Mais, cette description de la crise semblait accréditer la critique que les adversaires de la loi
des débouchés adressaient à Ricardo. Le texte des Principes suggérait, en effet, l’idée que la
crise n’était pas générale et que la surproduction de certaines marchandises avait pour
contrepartie une production insuffisante d’autres biens. Il semblait donc nier, comme lui
reprochait Sismondi (1824 : 340), la possibilité même d'un encombrement général des
marchés alors même qu’il semblait difficile de trouver, à cette époque, une industrie dont
l’offre était insuffisante. Say encourait la même critique quand il affirmait que « si certaines
marchandises ne se vendent pas, c’est parce que d’autres ne se produisent pas. » (1820 : 225)
Mill, en développant son analyse des crises commerciales, cherchait une solution à ce
problème en suggérant que l’apparition d’un excès d’offre de biens ne résulte pas d’une
production excessive de marchandises mais de la résorption de ce qu’il appelait, après Smith,
un over-trading, en d’autres termes une spéculation malheureuse sur le marché des biens.
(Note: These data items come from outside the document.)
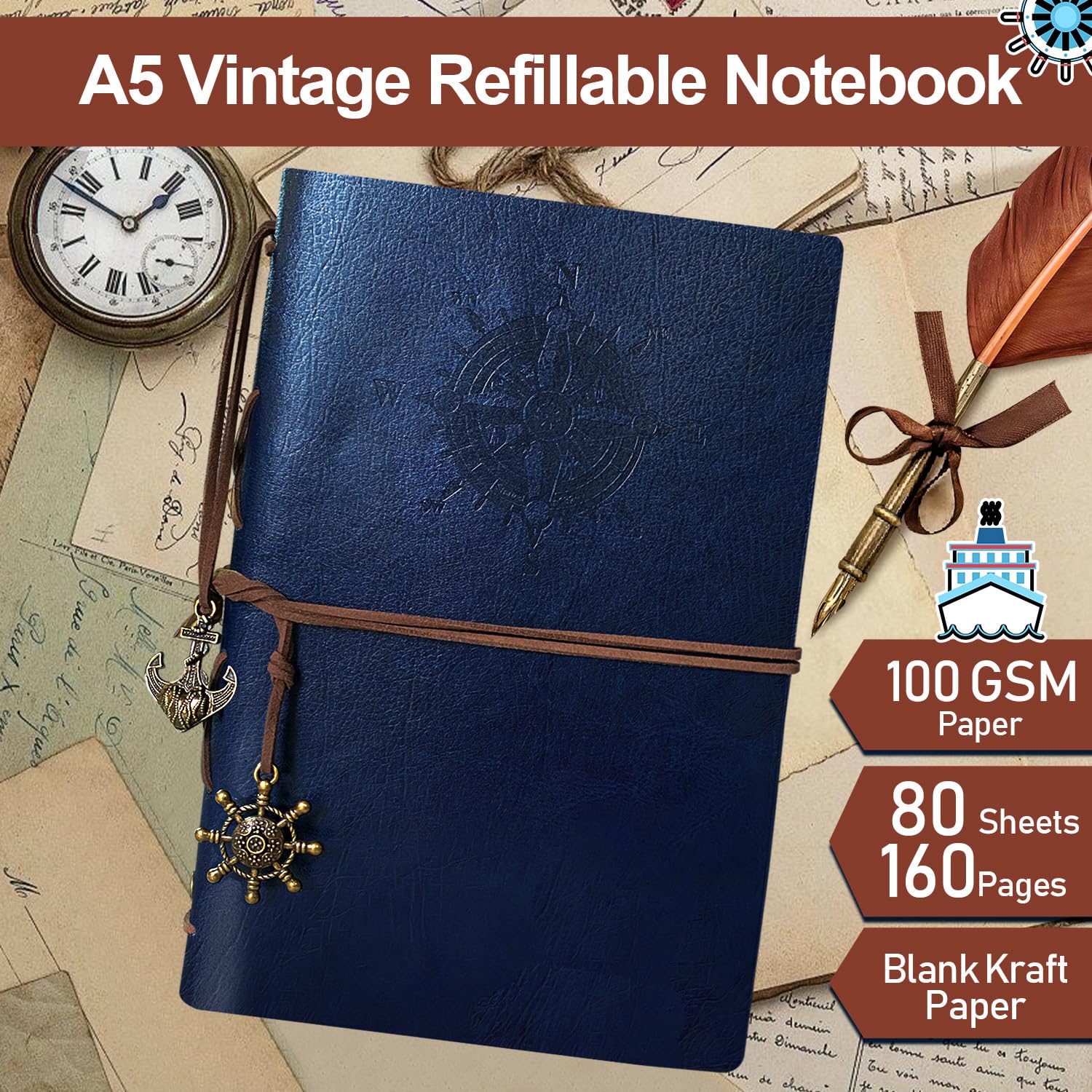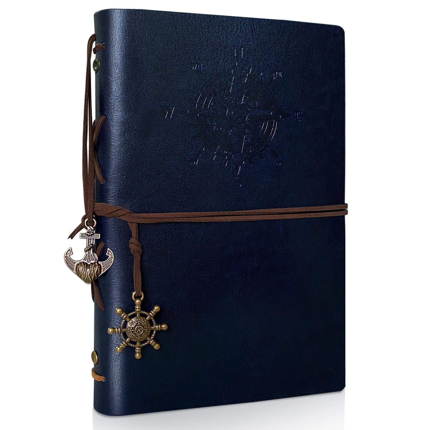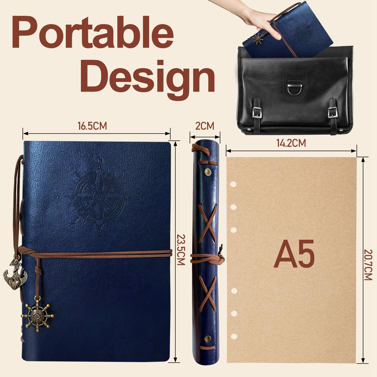Joy & Inspiration PU Leder Notizbuch A5 mit nachfüllbarem Kraftpapier Vintage Nachfüllbar Gebunden Schönes Reisetagebuch Tagebuch Ringbuch Skizzenbuch Vintage Notebook (A5 Dunkelblau)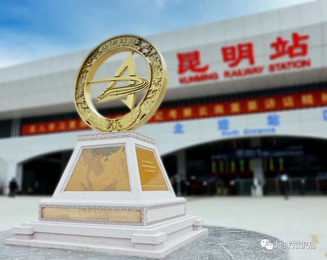 北广场的中老铁路零公里标雕塑,揭幕前、揭幕后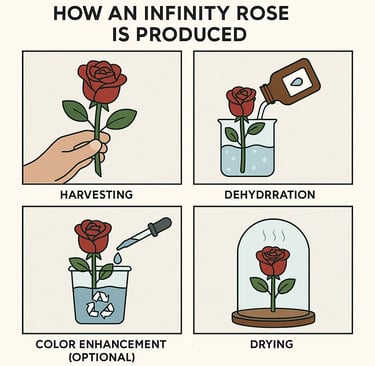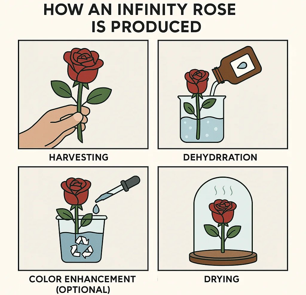 Dehydrierung: Die Rose wird in eine Glycerin-basierte Lösung gelegt, die manchmal mit Alkohol oder anderen Stabilisatoren gemischt ist. Diese Lösung ersetzt den natürlichen Saft und die Feuchtigkeit der Rose, wodurch die Weichheit und Flexibilität der Blütenblätter erhalten bleibt.
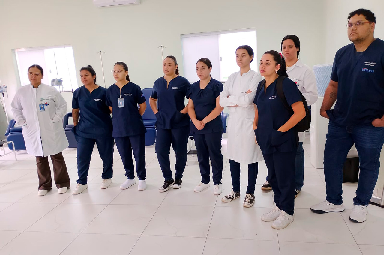 No último dia 23, os acadêmicos do curso de Enfermagem, da disciplina de Oncologia, realizaram uma visita técnica ao Ambulatório de Quimioterapia do Hospital Amaral Carvalho, em Lins, acompanhados pela docente Professora Nilva.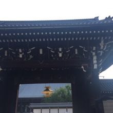 国道1号線から境内に続く大きな門で、近くの阿弥陀堂門は重厚で装飾もきらびやかな門ですが、こちらの御影堂門は割とシンプルな大きな門です。堀川通りを挟んで総門があり、寺院の門前町のような形になっていて、正門という形になるのでしょうか…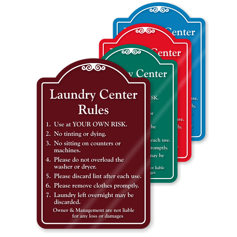 ShowCaseâ„¢ Decorative Sign: Laundry Center Rules - Owner & Management Are Not Liable For Any Loss Or Damages SE-7056

Mais, alors que Say soutenait dans son Cours complet d’économie politique pratique (1828-
1829 : 474-475) que les crises commerciales avaient leur origine dans une émission excessive
de billets, Mill, qui était très hostile à une réglementation de l’activité bancaire, pensait que
l’origine des crises se trouve dans les erreurs que peuvent commettre les négociants quand ils
anticipent l’évolution future du prix des biens.
Mill développa son analyse de la loi des débouchés, d’abord, dans un texte intitulé
« De l’influence de la consommation sur la production » qu’il rédigea en 1829-1830 mais
qu’il publia seulement en 1844 dans ses Essais sur quelques questions non résolues en
économie politique. Il revint sur ce problème en 1848 dans les Principes d’économie
politique, en particulier, dans le chapitre V du livre 1 où il traite des propositions
fondamentales qui concernent le capital et dans le chapitre XIV du livre 3 où il analyse les
excès d’offre. La comparaison des Principes et des Essais a suscité l’embarras de nombreux
lecteurs de Mill. Même si les conclusions sont similaires — il ne peut exister un excès
permanent de la production (Mill, 1844 : 174) ; la théorie de la surproduction générale
implique une absurdité (Id., 1848, t. 2 : 574) — le ton des deux textes est bien différent. En
1844, Mill admet que, dans une économie où la monnaie est moyen de paiement, l’achat et la
vente sont temporellement séparés. Dans ces conditions, il se peut qu’à certains moments les
2 À ma connaissance, l’expression « loi de Say » n’apparaît pas dans l’œuvre de Mill.